(Collected data entries)
·····
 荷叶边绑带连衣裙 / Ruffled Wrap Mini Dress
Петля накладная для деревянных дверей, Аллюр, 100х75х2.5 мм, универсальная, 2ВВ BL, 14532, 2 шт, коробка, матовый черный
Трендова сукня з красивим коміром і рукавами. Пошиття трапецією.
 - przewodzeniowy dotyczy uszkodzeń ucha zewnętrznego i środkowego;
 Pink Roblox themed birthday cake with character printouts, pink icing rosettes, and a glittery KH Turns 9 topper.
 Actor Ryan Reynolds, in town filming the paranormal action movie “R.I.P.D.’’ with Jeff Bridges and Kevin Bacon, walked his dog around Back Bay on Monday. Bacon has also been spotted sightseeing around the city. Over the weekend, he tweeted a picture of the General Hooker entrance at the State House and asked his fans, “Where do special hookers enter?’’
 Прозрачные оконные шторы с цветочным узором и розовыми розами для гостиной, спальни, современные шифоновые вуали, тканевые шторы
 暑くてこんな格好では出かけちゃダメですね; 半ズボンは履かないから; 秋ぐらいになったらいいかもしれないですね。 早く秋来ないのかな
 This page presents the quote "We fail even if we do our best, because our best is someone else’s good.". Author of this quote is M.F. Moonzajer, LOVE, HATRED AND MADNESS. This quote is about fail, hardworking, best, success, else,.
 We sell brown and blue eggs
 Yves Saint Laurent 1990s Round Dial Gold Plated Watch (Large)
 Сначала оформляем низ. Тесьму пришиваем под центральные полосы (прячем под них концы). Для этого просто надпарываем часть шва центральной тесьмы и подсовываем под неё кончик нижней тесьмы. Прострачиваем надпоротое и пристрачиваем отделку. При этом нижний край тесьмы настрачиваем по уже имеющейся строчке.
·····
§ TASK BRIEF: Give again, exactly as written, the lines running from the first line of the data above through the line that contains "We sell brown and blue eggs".

§ WRITTEN RESPONSE:
 荷叶边绑带连衣裙 / Ruffled Wrap Mini Dress
Петля накладная для деревянных дверей, Аллюр, 100х75х2.5 мм, универсальная, 2ВВ BL, 14532, 2 шт, коробка, матовый черный
Трендова сукня з красивим коміром і рукавами. Пошиття трапецією.
 - przewodzeniowy dotyczy uszkodzeń ucha zewnętrznego i środkowego;
 Pink Roblox themed birthday cake with character printouts, pink icing rosettes, and a glittery KH Turns 9 topper.
 Actor Ryan Reynolds, in town filming the paranormal action movie “R.I.P.D.’’ with Jeff Bridges and Kevin Bacon, walked his dog around Back Bay on Monday. Bacon has also been spotted sightseeing around the city. Over the weekend, he tweeted a picture of the General Hooker entrance at the State House and asked his fans, “Where do special hookers enter?’’
 Прозрачные оконные шторы с цветочным узором и розовыми розами для гостиной, спальни, современные шифоновые вуали, тканевые шторы
 暑くてこんな格好では出かけちゃダメですね; 半ズボンは履かないから; 秋ぐらいになったらいいかもしれないですね。 早く秋来ないのかな
 This page presents the quote "We fail even if we do our best, because our best is someone else’s good.". Author of this quote is M.F. Moonzajer, LOVE, HATRED AND MADNESS. This quote is about fail, hardworking, best, success, else,.
 We sell brown and blue eggs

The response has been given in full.